I What is the probability that the product of the digits is odd?

[littlemathquark]

TL;DR Summary

What is the probability that the product of the digits in any selected positions of a randomly chosen digit natural number is odd?

I have two solutions, but I have no idea which solution correct. Both of them seem correct to me. Help please.

First solution:
There is an infinite number of natural numbers.
Product of digits is odd only if all digits in number are odd.

Counting natural numbers with all odd digits:

1-digit: 5
2-digit: 5*5
3-digit: 5*5*5
4-digit: 5*5*5*5=5^4
…
n-digit: 5^n

If we want probability for natural numbers up to n-digits:

Total number of odd-product numbers is :

5+5^2+5^3+…+5^n=5*(1+5+5^2+…+5^(n-1))=5*(5^n-1)/(5–1)=5/4*(5^n-1)

p(n)=5/4*(5^n-1)/(10^n-1)

If n is going to the infinity p(n) is going to 0.

Second solution:
Depends on the length of the digit string.

The more digits there are in a number, the greater the probability that at least one of them is even.
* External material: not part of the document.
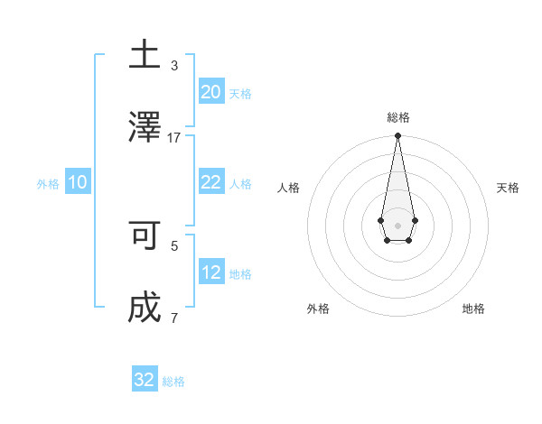 土澤 可成さんの総格は32画の5点!
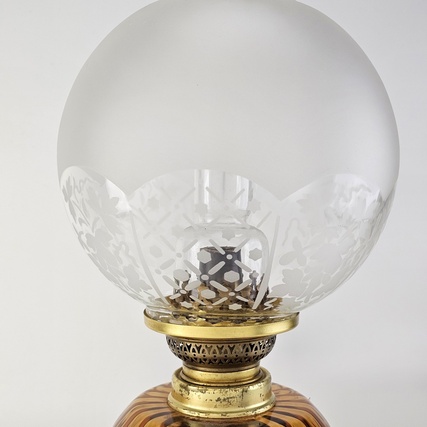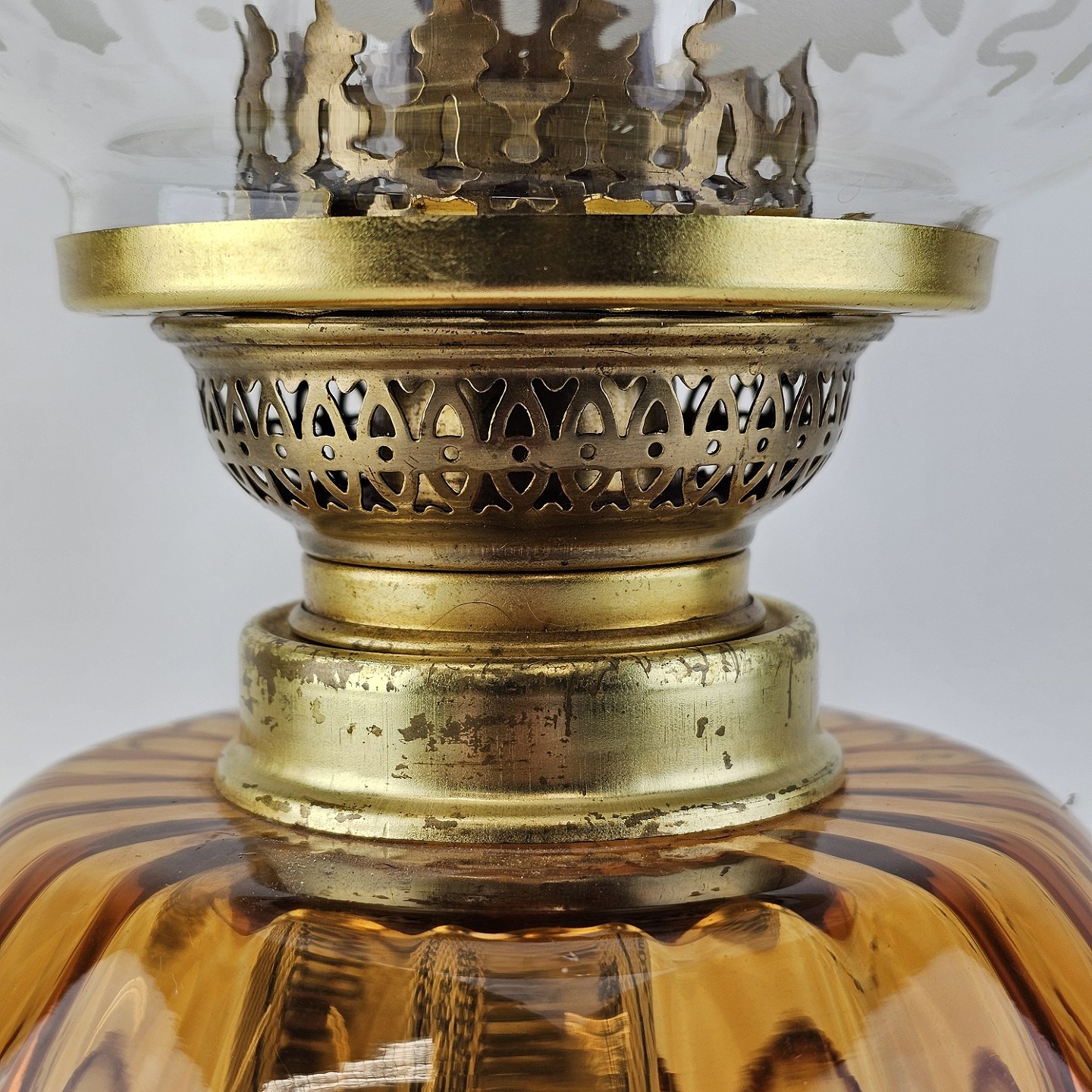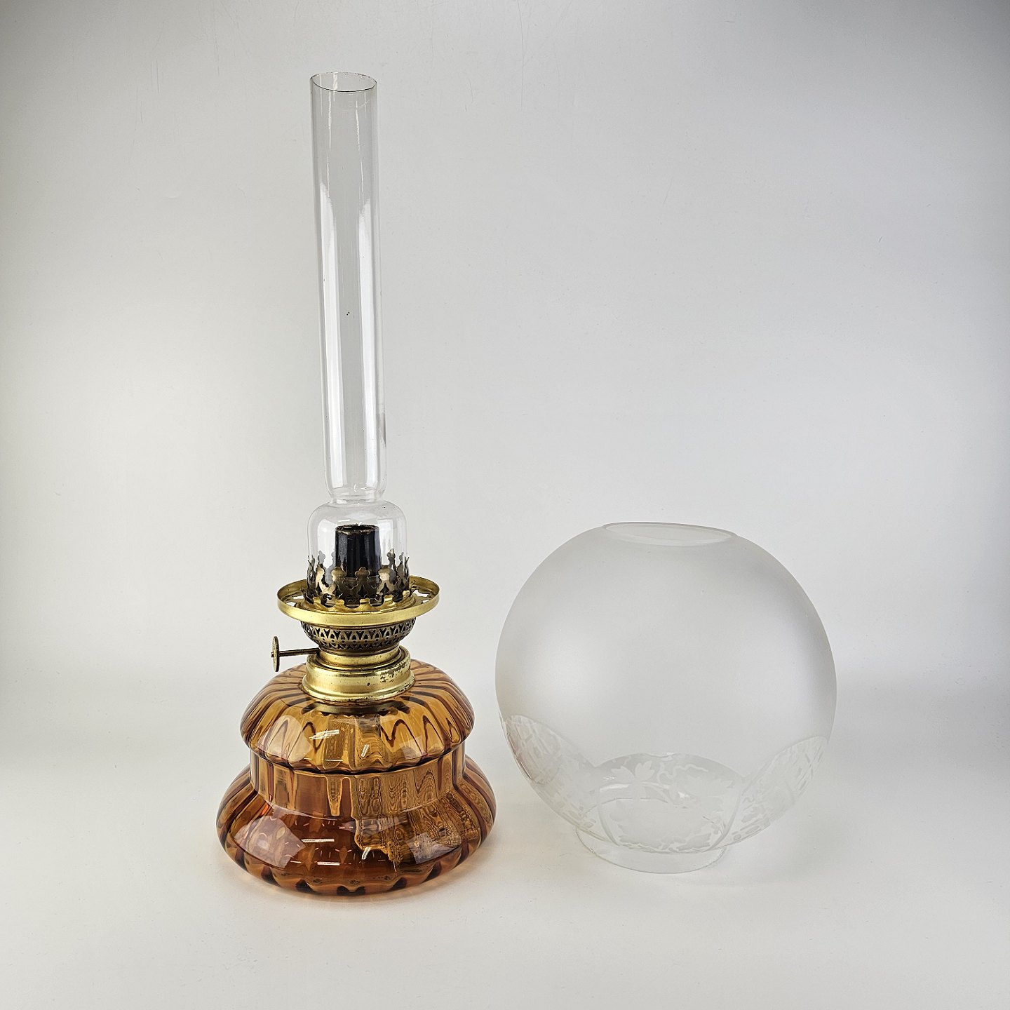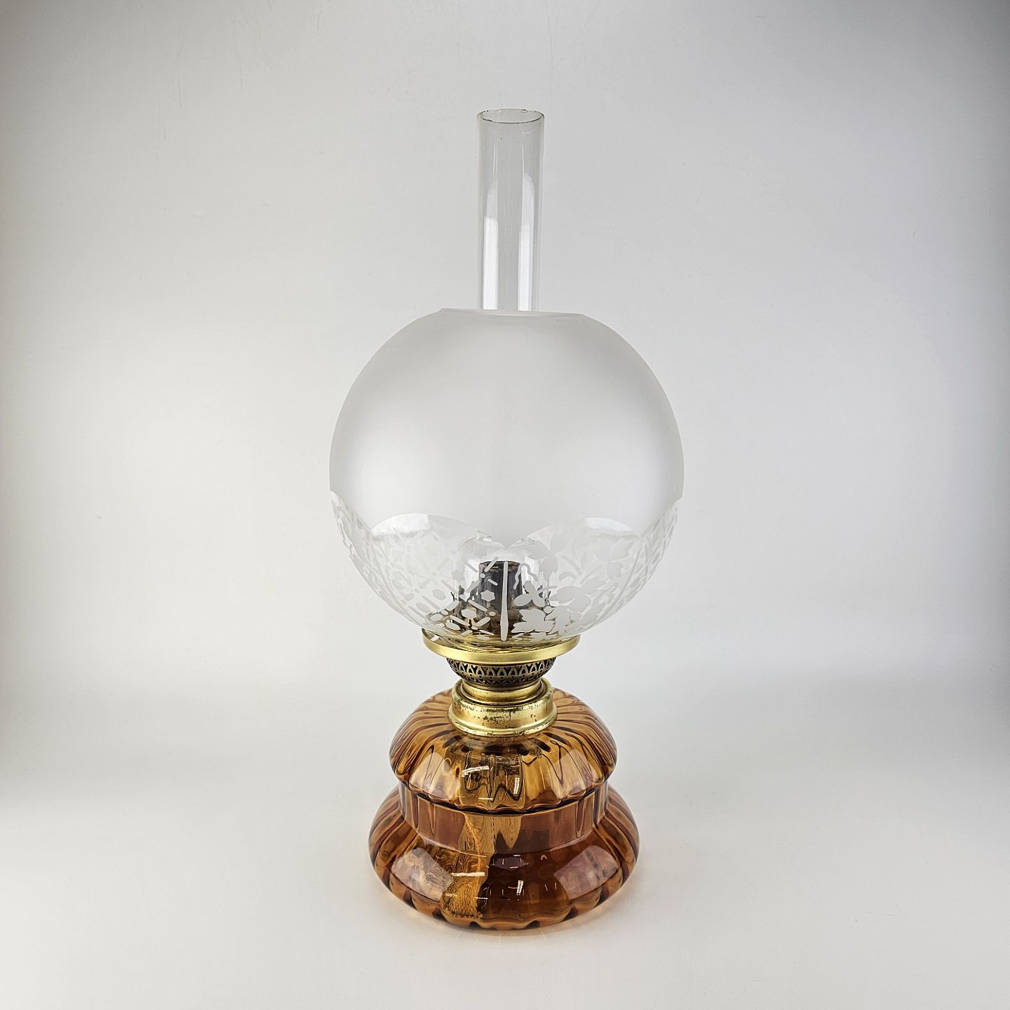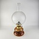 Beskrivelse: Glas ravfarvet petroliumslampe til bord model Dagmar Maxi med glasrør og rund kuppel i klar glas. Lille afslag på kuppelskærm i fod, som ikke ses.

If any of them are even, the product is even.

So really the question reduces to the probability that all the digits are odd, and that’s just inverse powers of 2…

1 digit: 1/2 = 50%

2 digits: 1/(2²) = 25%

3 digits: 1/(2³) = 12.5%

and so on.

 

[PeroK]

First solution:
There is an infinite number of natural numbers.

There is no uniform distribution on the natural numbers. It's only possible on a finite subset.

The best you can do is to take the limit as $N \to \infty$ for a subset of $N$ natural numbers. In this case, it's pretty clear that the proportion of natural numbers with all odd digits goes to zero as $N \to \infty$.

 

[Hornbein]

The probability is zero.

 

[Dale]

TL;DR Summary: What is the probability that the product of the digits in any selected positions of a randomly chosen digit natural number is odd?

I have no idea which solution correct. Both of them seem correct to me.

They are both correct.

 

[littlemathquark]

But one of them p(1)=5/9 but for other solution(second) p(1)=1/2.which is correct?

 

[Dale]

I thought they were both p=0?

 

[Hornbein]

But one of them p(1)=5/9 but for other solution(second) p(1)=1/2.which is correct?

Maybe in the first case you didn't count zero as an even number and the second case you did

 

[Gavran]

Maybe in the first case you didn't count zero as an even number and the second case you did

And not only $0$.
In the second solution the original poster has included $00$ into 2-digit natural numbers, $000$ into 3-digit natural numbers, $0000$ into 4-digit natural numbers and so on, and that is wrong.

 

[littlemathquark]

What is the probability that the product of the digits in any k selected positions of a randomly chosen n-digit natural number is odd?
What about this question? Are solution the same?

 

[PeroK]

What is the probability that the product of the digits in any k selected positions of a randomly chosen n-digit natural number is odd?
What about this question? Are solution the same?

That's just slightly tricky in that an n-digit number has a first digit that is randomly 1-9 and n-1 digits that are randomly 0-9.

You could calculate the two cases where the first digit is or is not in the k digits separately.

 

[Hornbein]

The digits that make a number even are 2,4,6,8. So 6 of the digits will keep the product odd.

0.6^(n-1)*5/9 = 0.6^n * 25/27

 

[Hornbein]

The digits that make a number even are 2,4,6,8. So 6 of the digits will keep the product odd.

0.6^(n-1)*5/9 = 0.6^n * 25/27

On second thought, if any one of the digits is zero then the product is zero. Is that even or odd?

 

[PeroK]

On second thought, if any one of the digits is zero then the product is zero. Is that even or odd?

Zero is even.

 

[littlemathquark]

That's just slightly tricky in that an n-digit number has a first digit that is randomly 1-9 and n-1 digits that are randomly 0-9.

You could calculate the two cases where the first digit is or is not in the k digits separately.

Can you give a solution? I can not solve fully.